[What you will do]: Transcribe the entries exactly as they stand below, passing over any picture.

#### Data for this exercise

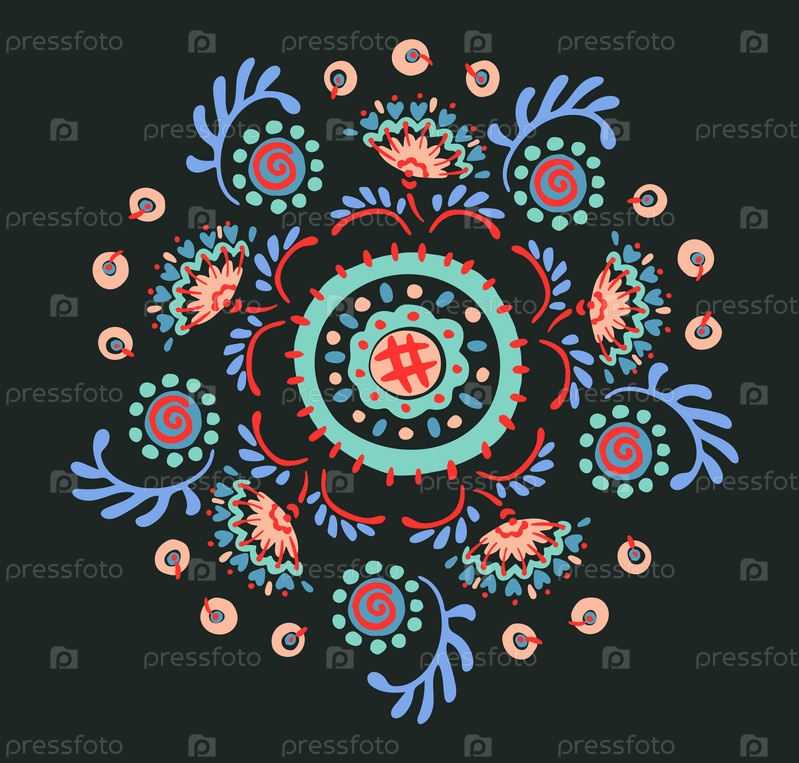 Набор этнических элементов. Бордюр представляет собой полосу с цветами, листьями, ветками, вензелями. Народная вышивка. Славянский, украинский, русский мотив. Хохлома, матрешка, дымковская игрушка. Мексиканский, индийский, цыганский ковер. Вязаное кружево
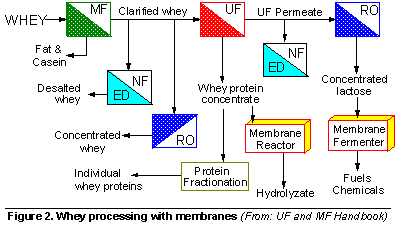 A good example of the successful application of membrane technology, and ultrafiltration in particular, is the processing of cheese whey. Whey is a by-product of the cheese industry. It is the liquid fraction that is drained from the curd during the manufacture of cheese. Typically every 100 kg of milk will give about 10-20 kg of cheese depending on the variety, and about 80-90 kg of liquid whey. Its disposal is a major problem for the dairy industry, partly due to its composition. It has a low solids content and a very unfavorable lactose:protein ratio which makes it difficult to utilize as-is. The biological oxygen demand (BOD) is 32,000 to 60,000 ppm, which creates a very severe disposal problem. Despite continuing efforts to find uses for the whey, either as-is or in dry form, or its major components (high quality protein and lactose), it is estimated that as much as 40-50% of the whey produced is disposed off as sewage, with the rest being used primarily for animal feed or human food. World production is estimated at 80 to 130 million tons per year with USA producing about 30 million tons per year. Since cheese consumption is increasing around the world, we can assume that the whey disposal problem is getting worse. This explains why membrane technology has attracted the attention of cheese and whey producers: the appropriate membrane can simultaneously fractionate, purify and concentrate whey components, thus enhancing their utilization and reducing the pollution problem. Figure 2 shows a general schematic of possible applications of membranes in whey treatment.
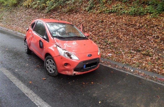Am 07.11.2016, gegen 12:00 Uhr, befuhr eine 23-jährige Autofahrerin die Landesstraße 332 von Nassau in Richtung Schweighausen. Ausgangs einer Rechtskurve verlor sie, vermutlich aufgrund nicht angepasster Geschwindigkeit auf der laubbedeckten und nassen Fahrbahn, die Kontrolle über Ihren PKW und kam nach rechts von der Fahrbahn ab. Der PKW überschlug sich anschließend im Hang neben der Fahrbahn, wurde zurückgewiesen und kam wieder auf den Rädern zum Stehen. Die junge Unfallfahrerin wurde glücklicherweise nur leichtverletzt, ihr Auto jedoch total beschädigt. POLIZEIINSPEKTION BAD EMS - Telefon 02603/970-0 - E-Mail: pibadems@polizei.rlp.de ********************************************************************* ************************************************************
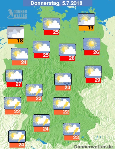 Am Donnerstag ist es über der Nordhälfte verbreitet heiter, hier und da ziehen auch einige Wolken durch, dabei bleibt es aber trocken. Weiter nach Süden hin zieht dagegen wechselnde, zum Teil starke Bewölkung durch, dabei bilden sich gebietsweise Schauer, zudem sind auch Gewitter möglich. Die Temperatur steigt auf 18 Grad an der Nordsee und bis 29 Grad in der Lausitz.
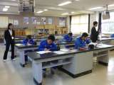 6時間目はE組です。 最初に車椅子の説明を聞き、2人1組で扱ってみます。 後ろで...
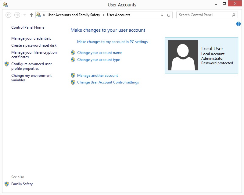 Accessing Control Panel -> User Accounts. Once you have done so, follow the steps below to access the advanced options for an account.
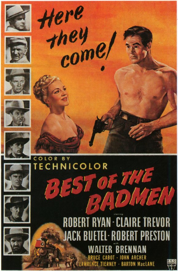 BEST OF THE BADMEN strew bull-puckey across the concept of truth-in-advertising in 1951 by fictionalizing the dagnappit out of the James-Younger crew, and director William D. Russell does guldurn little in 84 minutes to show us why Robert Ryan, Claire Trevor, Robert Preston, Walter Brennan and several hardy chums thought this would be worth signing up for. Some ridin’, some jawin’, some shootin’—time to go mow the lawn.
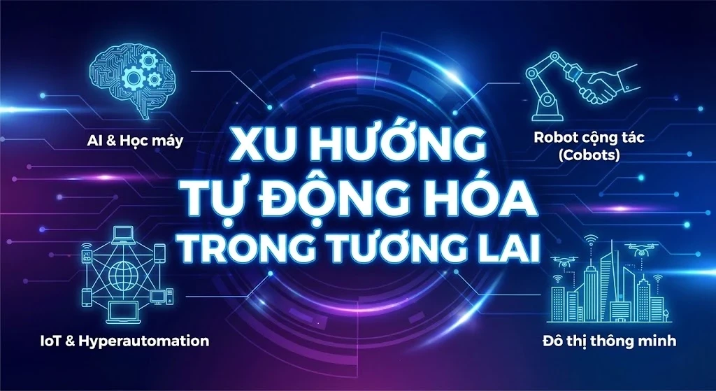Xu hướng nổi bật nhất của tự động hóa trong tương lai là sự kết hợp chặt chẽ với trí tuệ nhân tạo (AI) và học máy (Machine Learning). Thay vì vận hành theo các kịch bản cố định, hệ thống sẽ có khả năng phân tích dữ liệu theo thời gian thực, dự báo xu hướng và rủi ro, đồng thời tự điều chỉnh quy trình để đạt hiệu suất tối ưu. Nhờ đó, tự động hóa dần chuyển từ vai trò “thực thi lệnh” sang tư duy và ra quyết định, đặc biệt trong các lĩnh vực như sản xuất, tài chính, logistics và quản trị doanh nghiệp.
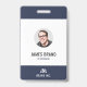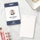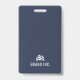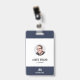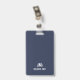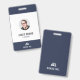 Um crachá de identificação empresarial moderno com a foto, nome e cargo de um funcionário. O crachá também inclui o nome e o logotipo da empresa na frente e no verso. A cor principal do crachá pode ser personalizada alterando a cor do fundo.

########

[Response area]:
 Набор этнических элементов. Бордюр представляет собой полосу с цветами, листьями, ветками, вензелями. Народная вышивка. Славянский, украинский, русский мотив. Хохлома, матрешка, дымковская игрушка. Мексиканский, индийский, цыганский ковер. Вязаное кружево
 A good example of the successful application of membrane technology, and ultrafiltration in particular, is the processing of cheese whey. Whey is a by-product of the cheese industry. It is the liquid fraction that is drained from the curd during the manufacture of cheese. Typically every 100 kg of milk will give about 10-20 kg of cheese depending on the variety, and about 80-90 kg of liquid whey. Its disposal is a major problem for the dairy industry, partly due to its composition. It has a low solids content and a very unfavorable lactose:protein ratio which makes it difficult to utilize as-is. The biological oxygen demand (BOD) is 32,000 to 60,000 ppm, which creates a very severe disposal problem. Despite continuing efforts to find uses for the whey, either as-is or in dry form, or its major components (high quality protein and lactose), it is estimated that as much as 40-50% of the whey produced is disposed off as sewage, with the rest being used primarily for animal feed or human food. World production is estimated at 80 to 130 million tons per year with USA producing about 30 million tons per year. Since cheese consumption is increasing around the world, we can assume that the whey disposal problem is getting worse. This explains why membrane technology has attracted the attention of cheese and whey producers: the appropriate membrane can simultaneously fractionate, purify and concentrate whey components, thus enhancing their utilization and reducing the pollution problem. Figure 2 shows a general schematic of possible applications of membranes in whey treatment.
Am 07.11.2016, gegen 12:00 Uhr, befuhr eine 23-jährige Autofahrerin die Landesstraße 332 von Nassau in Richtung Schweighausen. Ausgangs einer Rechtskurve verlor sie, vermutlich aufgrund nicht angepasster Geschwindigkeit auf der laubbedeckten und nassen Fahrbahn, die Kontrolle über Ihren PKW und kam nach rechts von der Fahrbahn ab. Der PKW überschlug sich anschließend im Hang neben der Fahrbahn, wurde zurückgewiesen und kam wieder auf den Rädern zum Stehen. Die junge Unfallfahrerin wurde glücklicherweise nur leichtverletzt, ihr Auto jedoch total beschädigt. POLIZEIINSPEKTION BAD EMS - Telefon 02603/970-0 - E-Mail: pibadems@polizei.rlp.de ********************************************************************* ************************************************************
 Am Donnerstag ist es über der Nordhälfte verbreitet heiter, hier und da ziehen auch einige Wolken durch, dabei bleibt es aber trocken. Weiter nach Süden hin zieht dagegen wechselnde, zum Teil starke Bewölkung durch, dabei bilden sich gebietsweise Schauer, zudem sind auch Gewitter möglich. Die Temperatur steigt auf 18 Grad an der Nordsee und bis 29 Grad in der Lausitz.
 6時間目はE組です。 最初に車椅子の説明を聞き、2人1組で扱ってみます。 後ろで...
 Accessing Control Panel -> User Accounts. Once you have done so, follow the steps below to access the advanced options for an account.
 BEST OF THE BADMEN strew bull-puckey across the concept of truth-in-advertising in 1951 by fictionalizing the dagnappit out of the James-Younger crew, and director William D. Russell does guldurn little in 84 minutes to show us why Robert Ryan, Claire Trevor, Robert Preston, Walter Brennan and several hardy chums thought this would be worth signing up for. Some ridin’, some jawin’, some shootin’—time to go mow the lawn.
Xu hướng nổi bật nhất của tự động hóa trong tương lai là sự kết hợp chặt chẽ với trí tuệ nhân tạo (AI) và học máy (Machine Learning). Thay vì vận hành theo các kịch bản cố định, hệ thống sẽ có khả năng phân tích dữ liệu theo thời gian thực, dự báo xu hướng và rủi ro, đồng thời tự điều chỉnh quy trình để đạt hiệu suất tối ưu. Nhờ đó, tự động hóa dần chuyển từ vai trò “thực thi lệnh” sang tư duy và ra quyết định, đặc biệt trong các lĩnh vực như sản xuất, tài chính, logistics và quản trị doanh nghiệp.
 Um crachá de identificação empresarial moderno com a foto, nome e cargo de um funcionário. O crachá também inclui o nome e o logotipo da empresa na frente e no verso. A cor principal do crachá pode ser personalizada alterando a cor do fundo.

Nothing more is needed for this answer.